*EXERCISE INSTRUCTIONS:*
Start the copy at the line containing "②寒假专项培优-Unit 7 (人与自我:做人与做事)" and run it through the last line of the records. Repeat each line exactly; omit pictures.

Saved data entries:
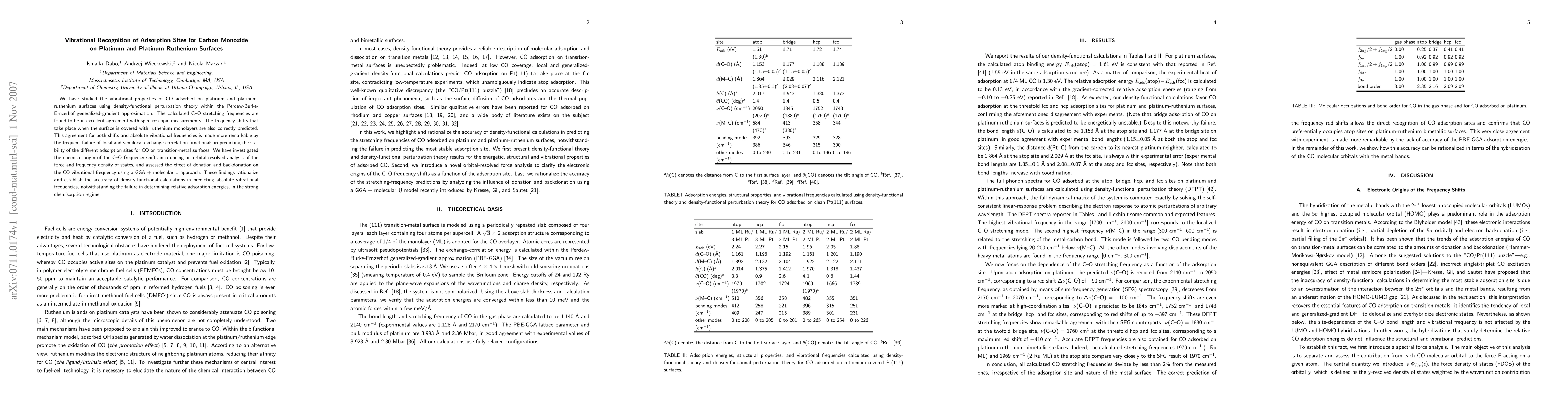 We have studied the vibrational properties of CO adsorbed on platinum and platinum-ruthenium surfaces using density-functional perturbation theory within the Perdew-Burke-Ernzerhof generalized-gradient approximation. The calculated C-O stretching frequencies are found to be in excellent agreement with spectroscopic measurements. The frequency shifts that take place when the surface is covered with ruthenium monolayers are also correctly predicted. This agreement for both shifts and absolute vibrational frequencies is made more remarkable by the frequent failure of local and semilocal exchange-correlation functionals in predicting the stability of the different adsorption sites for CO on transition metal surfaces. We have investigated the chemical origin of the C-O frequency shifts introducing an orbital-resolved analysis of the force and frequency density of states, and assessed the effect of donation and backdonation on the CO vibrational frequency using a GGA + molecular U approach. These findings rationalize and establish the accuracy of density-functional calculations in predicting absolute vibrational frequencies, notwithstanding the failure in determining relative adsorption energies, in the strong chemisorption regime.
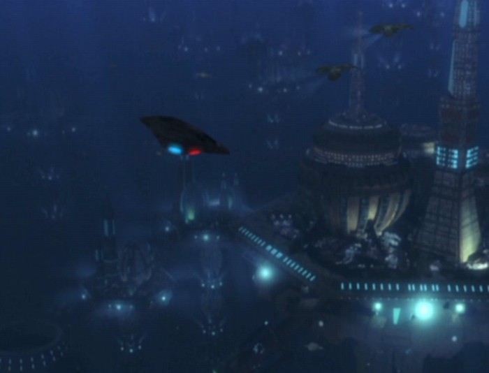 But then a shadow passes. An immense aquatic creature, eel-like, and much larger than the Flyer, appears. It is a predator by the look of its mouth, which is rimmed with dagger-like teeth. Like the Earth fish known as the electric eel, it discharges large amounts of electricity that begin shorting out systems on the Flyer. Riga has no idea what it is; not having been at these depths before, his people have no idea what lurks down here. Seven, however, uses a few shots from the shuttle's phasers to convince the creature to find easier prey.
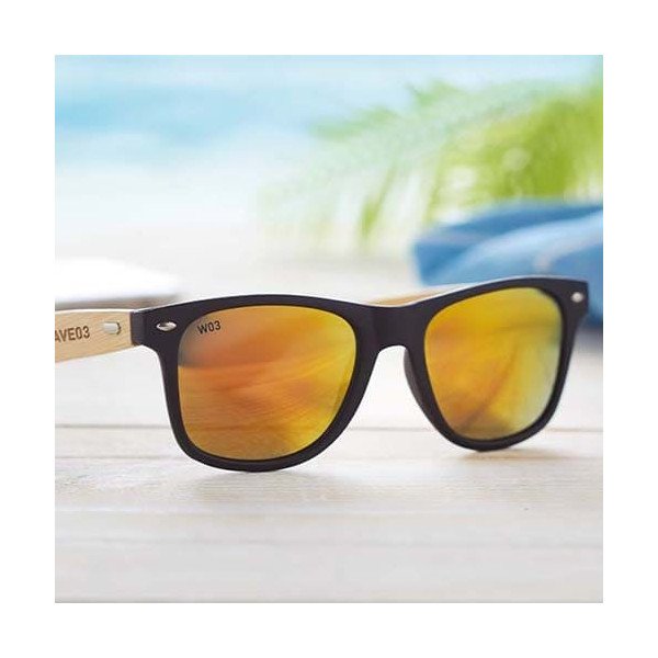 Gafas de sol con patillas de bambú y lentes efecto espejo.Pedido mínimo: 50 udes.
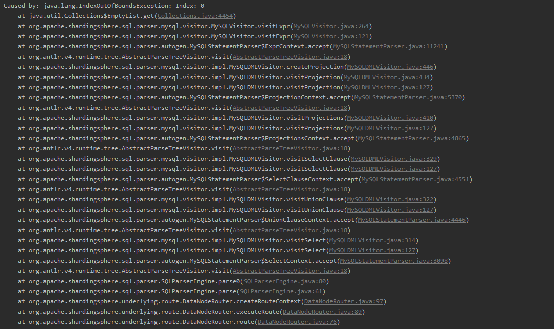 my mysql table :  CREATE TABLE `t_testpaper_question` ( `id` bigint(20) unsigned NOT NULL, `paperId` bigint(20) DEFAULT NULL, `questionId` bigint(20) NOT NULL, `innerOrder` int(11) DEFAULT NULL, `status` int(11) NOT NULL DEFAULT '1' COMMENT '0禁用,1启用', PRIMARY KEY (`id`), KEY `tq_paperId` (`paperId`), KEY `t_testpaper_question_questionId_index` (`questionId`) ) ENGINE=InnoDB DEFAULT CHARSET=utf8 ROW_FORMAT=DYNAMIC pom version:  When I use spring boot excute sql : "SELECT ttq.*,(@rowNum :=@rowNum + 1) AS num FROM t_testpaper_question ttq,(SELECT @rowNum := 0) temp WHERE paperId = 160 AND STATUS = 1 ORDER BY innerOrder",my idea throw IndexOutOfBoundsException. The following is idea console info: 2021-07-05 18:11:13.889 ERROR 15476 --- [ XNIO-1 task-1] c.q.p.qlib.exception.ExcptionAdvice : occur unhandle exception: org.mybatis.spring.MyBatisSystemException, errorMsg: nested exception is org.apache.ibatis.exceptions.PersistenceException: ### Error querying database. Cause: java.lang.IndexOutOfBoundsException: Index: 0 ### The error may exist in file [D:\webroot\onesmart-qlib-service\target\classes\mapper\TestPaperMapper.xml] ### The error may involve defaultParameterMap ### The error occurred while setting parameters ### SQL: select ttq.*,(@rowNum :=@rowNum + 1) AS num from t_testpaper_question ttq,(SELECT @rowNum := 0) temp where paperId = ? and status = 1 order by innerOrder ### Cause: java.lang.IndexOutOfBoundsException: Index: 0  -- This is an automated message from the Apache Git Service. To respond to the message, please log on to GitHub and use the URL above to go to the specific comment. To unsubscribe, e-mail: [email protected] For queries about this service, please contact Infrastructure at: [email protected]
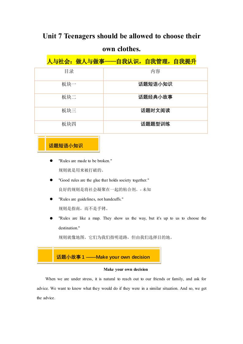 ②寒假专项培优-Unit 7 (人与自我:做人与做事) (学生版)2025年九年级英语寒假衔接讲练 (人教版)
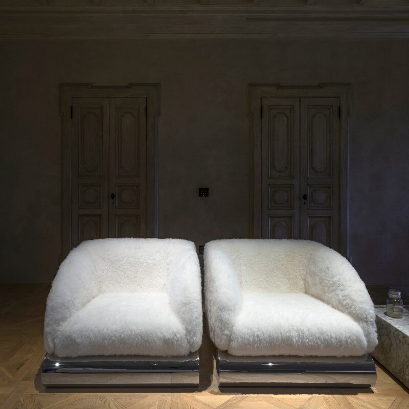 I comandi sono stati abbinati alle placche della serie Eikon Evo dalla finitura cromata, valorizzando le prese di corrente per i loro materiali pregiati.
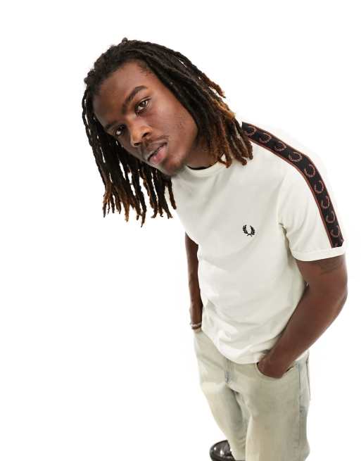 Fred Perry - T-shirt à logo avec liseré et bande contrastante - Écru

*WRITTEN RESPONSE:*
 ②寒假专项培优-Unit 7 (人与自我:做人与做事) (学生版)2025年九年级英语寒假衔接讲练 (人教版)
 I comandi sono stati abbinati alle placche della serie Eikon Evo dalla finitura cromata, valorizzando le prese di corrente per i loro materiali pregiati.
 Fred Perry - T-shirt à logo avec liseré et bande contrastante - Écru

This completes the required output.